Gradio UI Won’t Load

Symptom: Port 7860 connection refused. Fix: Ensure --listen flag is set in CLI_ARGS. Check Docker port mapping. Verify the container started successfully: docker logs text-gen-webui.

Extension Not Working

Symptom: Extension doesn’t appear or crashes. Fix: Install extension dependencies inside the container. Some extensions require additional Python packages not included in the base installation.

Resource Requirements

  • VRAM: 4-8 GB for 7B Q4, 8-16 GB for 13B Q4, 16-24 GB for 7B FP16
  • RAM: 8-32 GB (depends on model size and loader)
  • CPU: Medium-high (benefits from more cores for CPU inference)
  • Disk: 5-100 GB per model

Verdict

Text Generation WebUI is the power user’s LLM interface. It supports more model formats and loading backends than any other tool, and the built-in LoRA training is unique. The trade-off is more complex setup and a less polished UI compared to Open WebUI.

Choose Text Generation WebUI if you want LoRA training, EXL2 model support, or deep control over inference parameters. Choose Open WebUI + Ollama for a polished ChatGPT-like experience with simpler setup.

Frequently Asked Questions

Do I need a GPU to run Text Generation WebUI?

A GPU is strongly recommended but not strictly required. You can run small quantized models (7B Q4) on CPU using llama.cpp, but inference will be very slow — expect 1-3 tokens per second versus 30-100+ on a decent GPU. An NVIDIA GPU with 8+ GB VRAM is the practical minimum for usable performance.

How does Text Generation WebUI compare to Ollama + Open WebUI?

Text Generation WebUI offers more model format support (GGUF, GPTQ, AWQ, EXL2), multiple loading backends, and built-in LoRA training. Ollama + Open WebUI provides a simpler setup, a more polished ChatGPT-like interface, and easier model management. Choose Text Generation WebUI for deep control and training; choose Ollama + Open WebUI for ease of use.

Can I use Text Generation WebUI as an OpenAI API drop-in replacement?

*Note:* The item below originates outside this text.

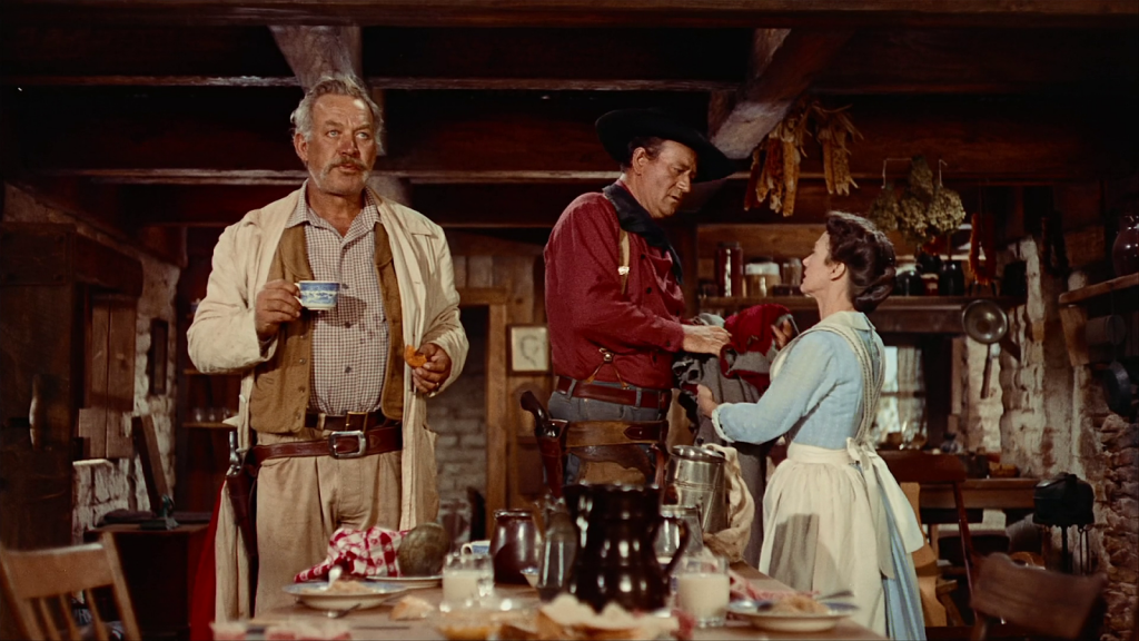 Les proyecto una escena de un clásico de John Ford que ya conocen, Centauros del desierto, con el propósito de leer a continuación ciertas líneas que Andrew Sarris le dedicó en 1976, y que son un bello ejemplo de apreciación del detalle y emoción estética por parte del crítico. La escena en cuestión es ese momento en que el personaje del juez de paz, predicador, alguacil y excapitán sudista encarnado por Ward Bond, asiste en el hogar de los Edwards a un intercambio de gestos silenciosos entre Martha (Dorothy Jordan), que es la señora de la casa, y el héroe forajido Ethan Edwards (John Wayne), que es su cuñado. Mientras saborea un café y una rosquilla del desayuno, el reverendo capitán advierte cómo Martha, creyéndose inadvertida, acaricia el gabán de Ethan antes de doblarlo. Cuando, en el siguiente plano, ella entrega la prenda y el sombrero a su dueño, ambos se miran, retenidos en una fugacísima pausa de comunicación silenciosa, que culmina con un eufemístico, metonímico beso de Ethan sobre la frente de Martha. El encuadre sitúa al capitán a un lado, al margen pero a la vez demasiado cerca de lo que vemos esbozarse como un idilio oculto, añejo y frustrado entre Martha y Ethan. No puede caber duda de que el reverendo capitán lo sabe; y es quizás toda esa comunidad del desierto la que, encarnada en su disimulo, mira hacia otro lado por cortesía y por el bien de todos.

Yes. With the --api flag, it exposes an OpenAI-compatible API on port 5000. Applications that support custom OpenAI endpoints can connect to it directly. This includes tools like Continue, Tabby, and most LLM-powered applications that accept a configurable API URL.

What’s the difference between GGUF and GPTQ models?

GGUF (llama.cpp format) allows flexible CPU/GPU splitting — you can offload some layers to GPU and keep the rest in system RAM. GPTQ models are GPU-only but generally faster on full GPU inference. For machines with limited VRAM, GGUF with partial GPU offload is the most practical option. EXL2 offers the fastest GPU inference of all formats.

Can I fine-tune models with Text Generation WebUI?

Yes. The built-in Training tab supports LoRA fine-tuning. Load a base model in Transformers format, prepare your training data as JSON or raw text, configure hyperparameters (learning rate, epochs, batch size), and train. The LoRA adapter saves to the loras/ directory and can be applied on top of the base model during inference.

How much disk space do models require?

It varies widely by model size and quantization. A 7B parameter model in Q4 quantization needs about 4-5 GB. A 13B Q4 model needs 8-10 GB. Full precision (FP16) models are roughly double the quantized size. Plan for 30-100 GB of disk space if you want to keep multiple models available.